Da hatte die Jury viel zu sichten: Über 800 Vorschläge für Grimme-Preise in den verschiedenen Kategorien wurden beim Grimme-Institut in Marl eingereicht. Am Ende gehen nun 57 Produktionen ins Rennen um die begehrten Trophäen. Die Preise werden alljährlich in den Kategorien "Unterhaltung", "Fiktion", "Information und Kultur" und "Spezial" vergeben. Der WDR geht gleich mit mehreren Produktionen an den Start. "Wie gewohnt gibt es eine Reihe von Spitzenproduktionen bei der Fiktion, in der Information durchaus eine Reihe von Sendungen mit Klasse bei ziemlich viel Masse, und in der Unterhaltung einiges, was gegen den Strich gebürstet ist", bilanzierte Uwe Kamman, Direktor des Grimme-Instituts, bei der Bekanntgabe der Nominierungen. "Das Fernsehjahr 2012 bot eine ganze Menge Ansehnliches und Diskussionswürdiges."

"Information und Kultur"


In der Sparte "Information und Kultur" können sich 23 Produktionen Hoffnungen auf einen Grimme-Preis machen. Mit dabei auch die WDR-Beiträge "Seelenvögel", "Außer Kontrolle", "Gott hat hohe Nebenkosten" und "Arbeit Heimat Opel", eine Reportage, die sechs Jugendliche im Opel-Werk porträtiert.

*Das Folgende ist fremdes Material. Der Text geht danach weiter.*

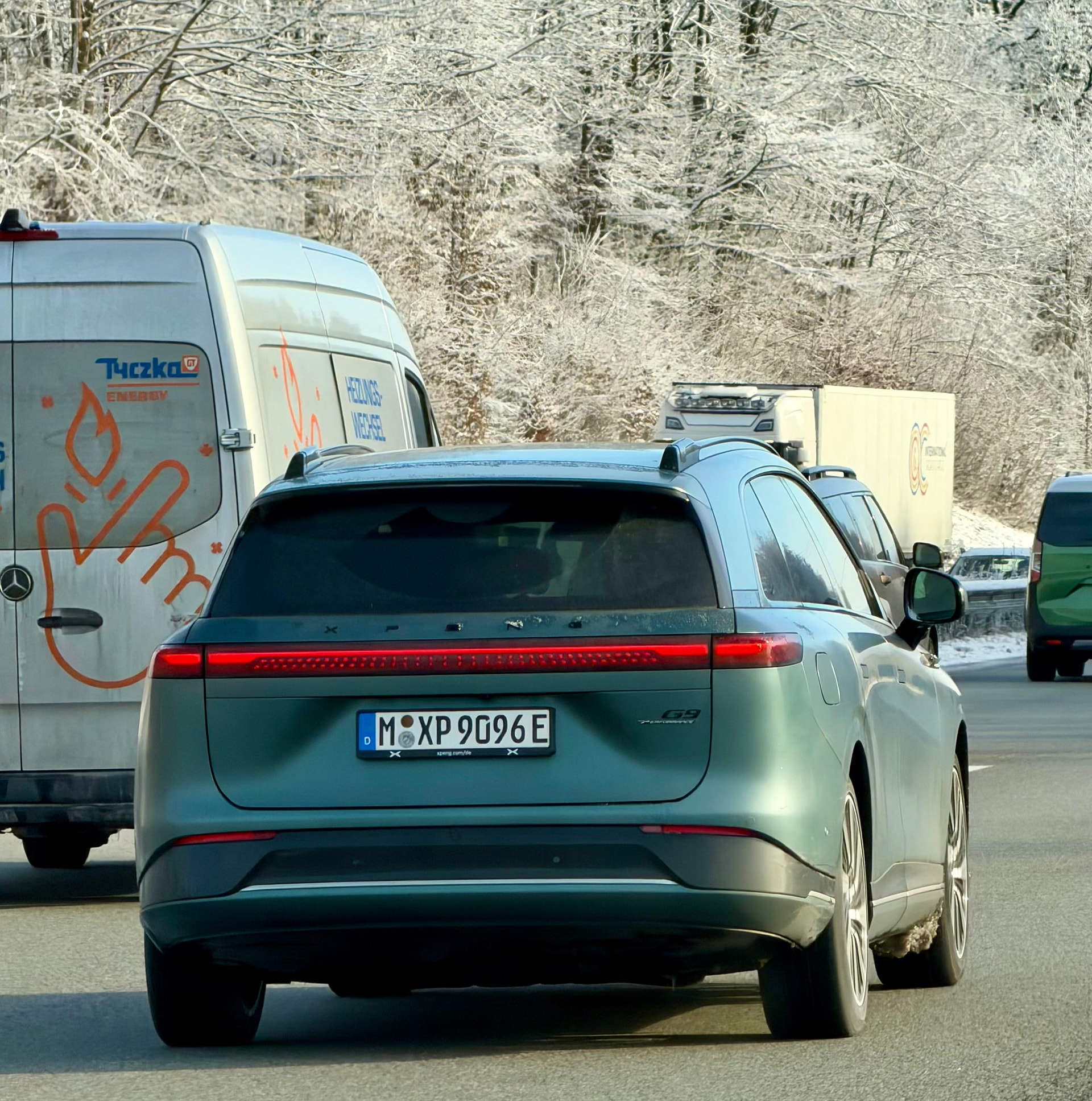 Heute 11:33 auf der A3 zwischen Siegburg und Montabaur, Fahrtrichtung Süden, G9P vom XPENG selbst, mit einem gestikulierenden Youtuber drin umgeben von Saugnapfkameras… ![]()

Ebenfalls sind "Hoffenheim – Das Leben ist kein Heimspiel" (ZDF), "Kolumbiens Trauma" (ZDF/ARTE) sowie "Propaganda, Hass, Mord – Die Geschichte des rechten Terrors in Europa" (MDR/ARTE) für eine Auszeichnung nominiert. Auch Jakob Augstein und Nikolaus Blome gehören für ihr gleichnamiges Format bei Phoenix dazu. Hoffnungen auf eine Spezial-Auszeichnung als bester Dokumentarfilmer des Fernsehjahres 2012 kann sich Eric Friedler machen, der mit "Der Sturz – Honeckers Ende", "Charly Graf – Ein deutscher Boxer" und "Nichts als die Wahrheit – 30 Jahre Die Toten Hosen" (alle NDR) gleich drei Dokumentationen gestaltet hat.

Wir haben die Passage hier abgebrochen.